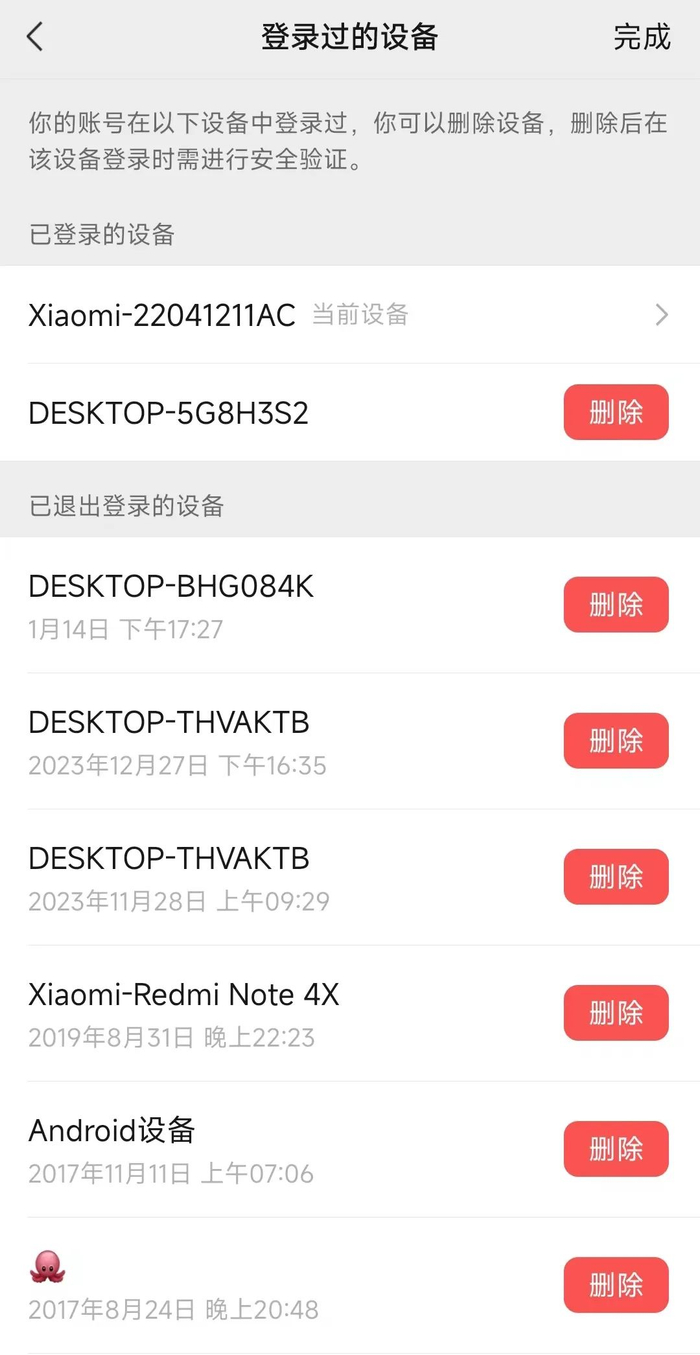 删掉过往的登录设备
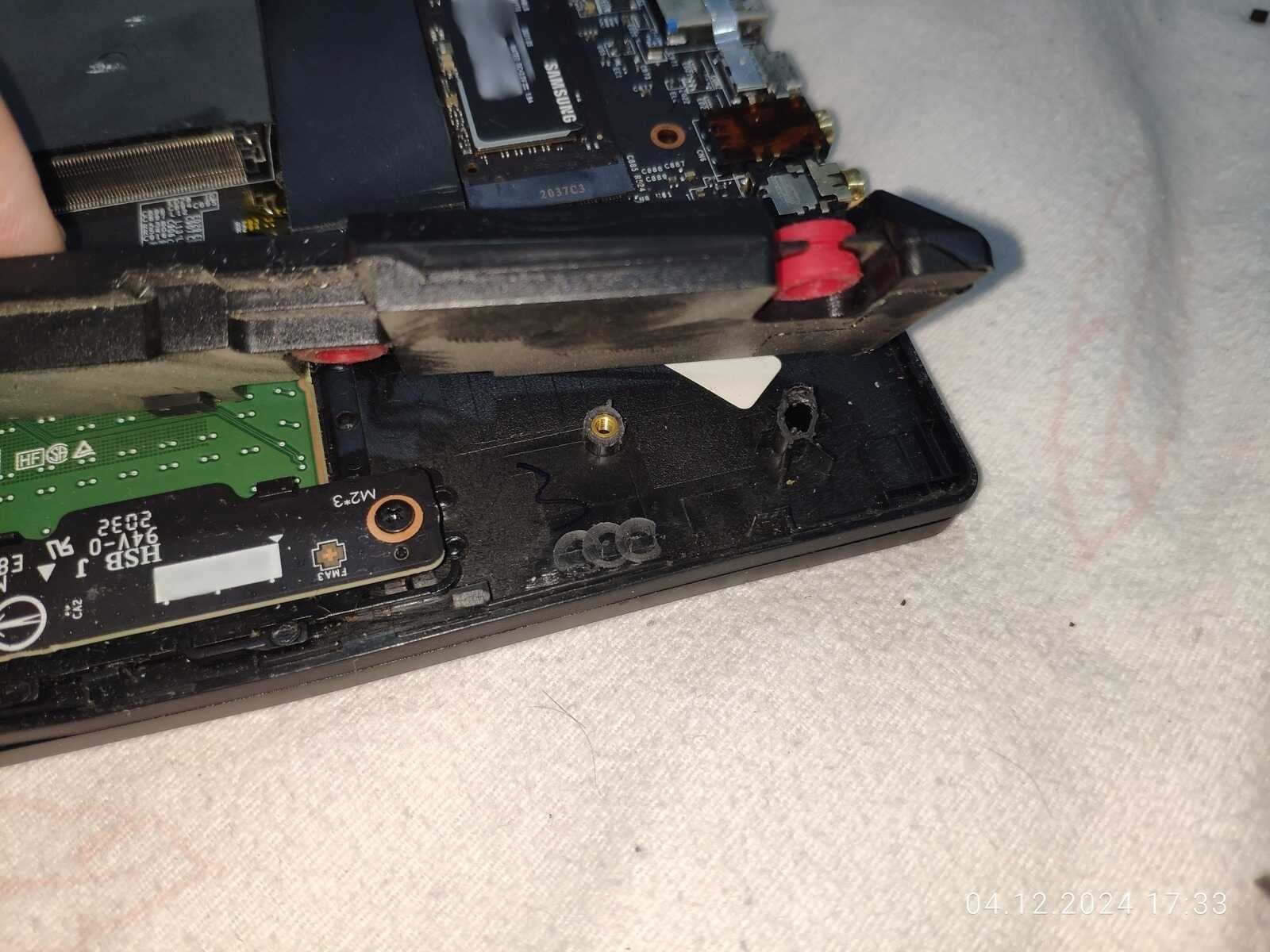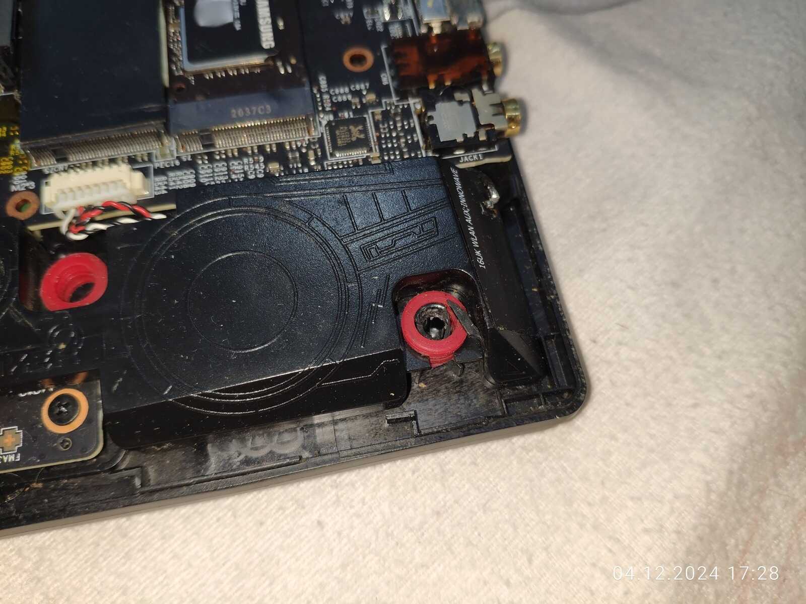 Продолжаю собирать куски корпуса и латунные втулки по всему ноутбуку, такое ощущение, что это не ноутбук за 1600$, а какая-то дешёвая китайская игрушка за 50 центов, такое же качество пластика.
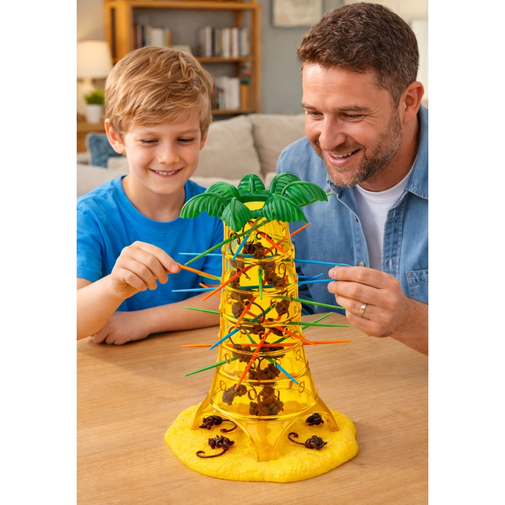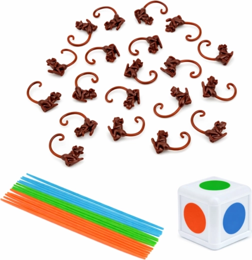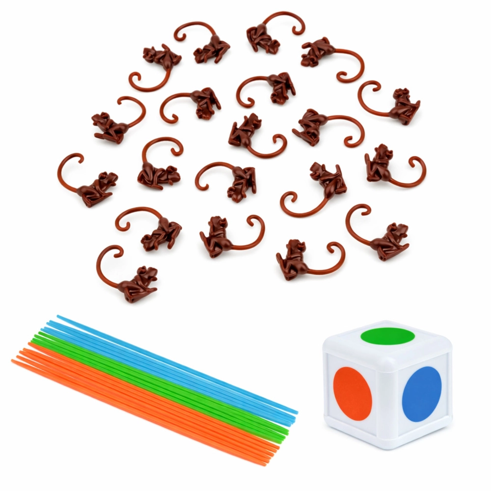 Pange palm kokku, põimige läbi värvilised pulgad ja riputage ahvid külge. Mängijad viskavad kordamööda täringut ja tõmbavad täringu määratud värvi pulga. Iga läbimõtlematu käik võib põhjustada ahvide kukkumise – võidab see, kellel kukub neid kõige vähem. Mäng sobib suurepäraselt pere pärastlõunaks, lastepidudeks ja kiireteks peomikromängudeks.
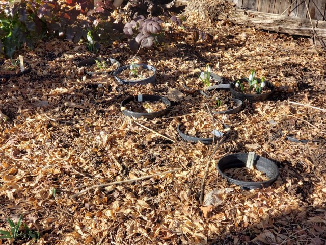 Yes, the pots are kind of ugly, but you can’t see the pond baskets with some of the snowdrops. I hear that this year everything will be redone, and all the fancy snowdrops will be planted in pond baskets.
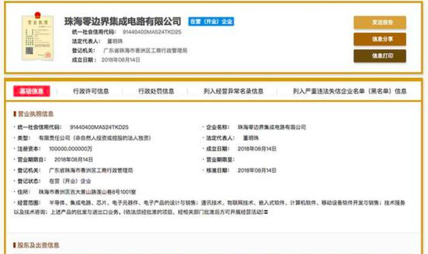 2018年8月14日,一家名为“零边界集成电路”的有限公司成立,注册资本为10亿元,经营范围为半导体、集成电路、芯片、电子元器件以及电子产品的设计与销售。

━━━━━━━━━━━━━━━━━━━━

Brief.
Exactly the lines from the one containing "Продолжаю собирать куски" to the final line of the entries are wanted; please write them out, both ends included, but not the pictures.

Completed exercise.
 Продолжаю собирать куски корпуса и латунные втулки по всему ноутбуку, такое ощущение, что это не ноутбук за 1600$, а какая-то дешёвая китайская игрушка за 50 центов, такое же качество пластика.
 Pange palm kokku, põimige läbi värvilised pulgad ja riputage ahvid külge. Mängijad viskavad kordamööda täringut ja tõmbavad täringu määratud värvi pulga. Iga läbimõtlematu käik võib põhjustada ahvide kukkumise – võidab see, kellel kukub neid kõige vähem. Mäng sobib suurepäraselt pere pärastlõunaks, lastepidudeks ja kiireteks peomikromängudeks.
 Yes, the pots are kind of ugly, but you can’t see the pond baskets with some of the snowdrops. I hear that this year everything will be redone, and all the fancy snowdrops will be planted in pond baskets.
 2018年8月14日,一家名为“零边界集成电路”的有限公司成立,注册资本为10亿元,经营范围为半导体、集成电路、芯片、电子元器件以及电子产品的设计与销售。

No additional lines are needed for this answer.